In the previous article, I discussed the problem at a distribution center that picked orders with floor pickers and reach trucks. The DC fell behind demand, and orders shipped later and later. The season for the company exploded early, and demand grew faster and higher than expected. This is a great problem to have—except when throughput drops. Orders backed up, and then orders became past due. The backlog became deep enough that many customers had multiple past-due orders.
A problem became an opportunity—or so the sales and DC management teams thought. The idea: combine the multiple past-due and current orders into a single bigger order by customer. The larger order (batch size) would be more productive, and the DC could blow through the orders faster.
How did that work for them? In a word, badly. The bigger orders took longer to pick and longer to label, which stretched out the order cycle time to days. Combining the orders did not address the aisle congestion or the tendency of the pickers to cherry-pick the orders they wanted to do. So the pre-label staging area grew and spilled over into another area.
Worse, the lag time between order print, pick, and label made self-auditing difficult and prevented accountability. The partially picked orders marinated in the staging areas longer, and with the influx of more pallets of picked partial orders, pallets of picked products disappeared into the sea of staging. Coordinators attempted to keep things organized, but with nobody holding the pickers accountable for working orders in sequence, for picking orders accurately, or for recording where they put the pallets of partial orders, things got lost. When the coordinator could not find part of an order and the system showed the pick confirmed complete, they would kill that part of the order, sending the goods back to stock in the system, and create a new pick order.

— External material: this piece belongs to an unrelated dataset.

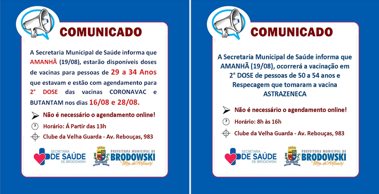 Para pessoas de 50 a 54 Anos e Repescagem, deve-se seguir o agendamento do Cartão de Vacinas, respectivamente para os dias 19 e 20 de Agosto. Pessoas com agendamento para outros datas devem seguir a data do cartão para tomarem a 2° Dose.

The rework added to the confusion. When the coordinators found a lost pallet, they moved the pallet over to yet another staging area, the boneyard, where it sat waiting to be put back into stock. Sometimes the new order created a demand for more labels to be printed—labels that had already been printed, but with no systematic process for controlling the print.
Combining the orders proved to be a mistake that choked off throughput, driving more customer orders to become past due as small orders waited behind the bulge of the big combined orders. This was an example of the cure being worse than the disease. Once done, the DC had to work through the bigger orders for conditions to improve. Management learned an important lesson about the mirage of large-order productivity, and how it can be detrimental to throughput. While management focused on pressing the big lump through the snake, they did not make a critical examination of the root causes of the real backlog, the inherent disconnection between fork and floor picking.

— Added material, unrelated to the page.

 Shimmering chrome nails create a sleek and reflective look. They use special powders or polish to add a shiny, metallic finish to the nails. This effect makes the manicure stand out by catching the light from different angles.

The pickers worked as one big team. The problem was, they really were not a functioning team. With no leader, there was no focus. Without supervisory control over the order start sequence, the orders did not pick together. The idea that the orders would flow back together in pre-label staging did not work because too many pickers started too many orders. Without a supervisor to hold the pickers accountable for completing orders and picking the orders without defect, the coordinators fought a losing battle to consolidate the orders before labeling.
The first move: break the picking team down into smaller units, teams of two or three who would be held accountable for completing an order. We paired floor pickers and fork pickers together in two-person teams. They started the same order and shared the responsibility for completing the order together. If the floor picker completed their work first, they helped the fork picker complete that part of the order. Only after completing the order together and auditing the order to assure accuracy could the team move to the next order.
Each picking team served a dedicated label table. This way, the tables knew their pickers, so when they found an error, they could go to the responsible picker to correct the work. Since the picking teams fed the picked product directly to the label lanes, the orders were processed in the same day, not days apart as had previously been the case.
With these changes, the backlog of marinating orders shrunk down to nothing. Accountability for accuracy on the part of the pickers improved, and rework dropped. As measured by lines shipped, throughput quickly shifted, and more lines shipped per day than were picked, as the DC worked through different piles of WIP inventory.